São Paulo – Após um período de 10 dias de lockdown, Araraquara se tornou um case para o país. Por duas vezes nas últimas duas semanas, enquanto São Paulo batia recorde de óbitos, o município não registrou mortes por Covid-19 em 24 horas. Uma vez em 26 de março e outra no sábado (3/4). Para o prefeito do local, Edinho Silva (PT), a cidade está colhendo frutos da restrição, adotada em 15 de fevereiro.

Em entrevista ao Metrópoles, o petista defendeu a adoção da medida mais severa para todo o país. “Se você não tem vacinação em massa, só tem uma medida para tomar, que é o isolamento social”, assinala.

“Se você provocar um lockdown por 10 ou sete dias, cria-se uma interrupção da contaminação. Se fizéssemos isso nacionalmente, o Brasil apresentaria queda nas internações, nas mortes, e teria condições de organizar leitos, sistema de vacinação, e poderíamos, inclusive, começar o planejamento da retomada da economia.”

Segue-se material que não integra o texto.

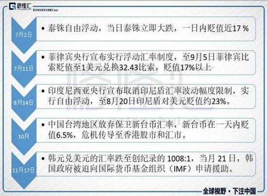 1997年7月2日,泰国宣布放弃固定汇率制,实行浮动汇率制,引发一场遍及东南亚的金融风暴。当天,泰铢兑换美元的汇率下降了17%,外汇及其它金融市场一片混乱。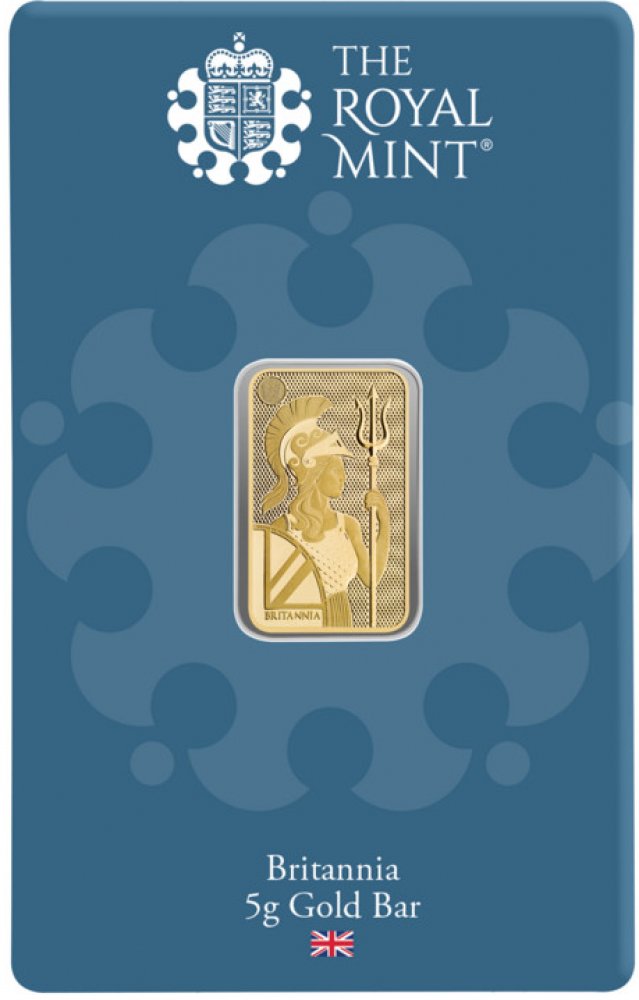 Britský zlatý investiční slitek Britannia se razí v Britské královské mincovně The Royal Mint. Slitek má váhu 5g a ryzost 999.9/1000 Au. Britská královská mincovna přenesla krásu motivu Britannie ze svých zlatých mincí a rozšířila ji na zlaté cihly. Již více než 2000 let je Britannia ikonickou součástí Británie, ztělesňuje národní hrdost a mění ideály a hodnoty v průběhu historie. Uvedením tohoto 1 oz zlatého slitku s motivem Britannie se investorům nabízí nový způsob, jak diverzifikovat svá portfolia a přidat krásu do své sbírky. Jeho design se vyznačuje klasickou krásou Britannie s jednoduchým pozadím s námořní tématikou.Více o mincovně The Royal Mint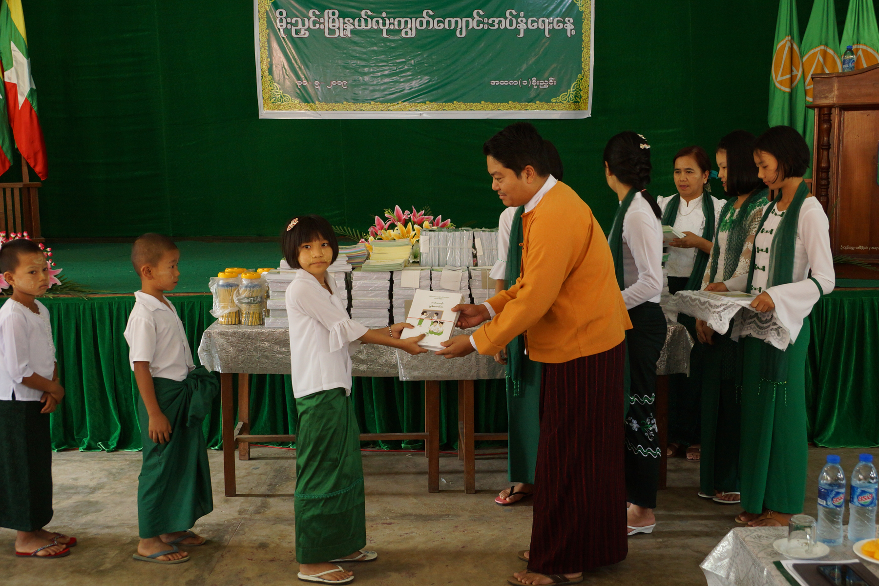 ဆက်လက်၍ အလှူရှင်ဂုဏ်ပြုမှတ်တမ်းလွှာများကို မြို့နယ်ပညာရေးမှူး ဦးခိုင်ဝေကပေးအပ်ခဲ့ရာ အလှူရှင်များ ကိုယ်စားရွှေကိုယ်ပိုင်အထက်တန်းကျောင်းအုပ်က လက်ခံရယူခဲ့သည်။ ယခု ထောက်ပံ့ ပေးအပ်သည့် ပစ္စည်းများကိုမြို့နယ်အတွင်းရှိ ကိုယ်ပိုင်ကျောင်းများနှင့် စေတနာရှင်များက လှူဒါန်းထောက်ပံ့ခဲ့ခြင်းဖြစ်ကြောင်း သိရသည်။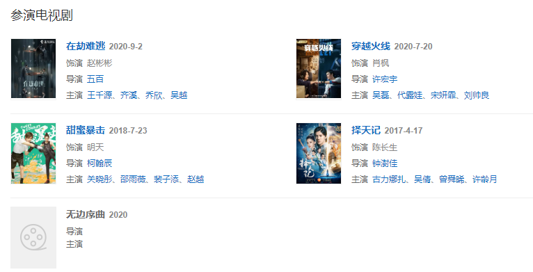 2020年,擔任騰訊視頻綜藝節(jié)目《創(chuàng)造營2020》教練成員;9月2日,主演的輕科幻懸疑劇《在劫難逃》播出 ;11月,擔任綜藝節(jié)目《哈哈哈哈哈》旅行社成員。

Na avaliação de Edinho Silva, é falsa a dicotomia entre salvar vidas ou economia. “Atualmente, o principal fator de retração da economia é a instabilidade adotada na pandemia. Não é abrir ou não o comércio que vai garantir que a economia volte a crescer. Nenhum empresário vai fazer investimentos se não estivermos vivendo uma situação de estabilidade. E, hoje, estabilidade significa nós termos o mínimo de gestão sobre a pandemia”, pontua.

O chefe do Executivo municipal acredita que, com as informações da vigilância sanitária e epidemiológica recebidas pelo governo, houve omissão do estado no enfrentamento da pandemia.

“Vivemos a maior tragédia humanitária da nossa história, que, infelizmente, está caracterizada por um genocídio. O presidente não gosta que fale, mas, na minha opinião, há o genocídio de uma nação por uma omissão governamental.”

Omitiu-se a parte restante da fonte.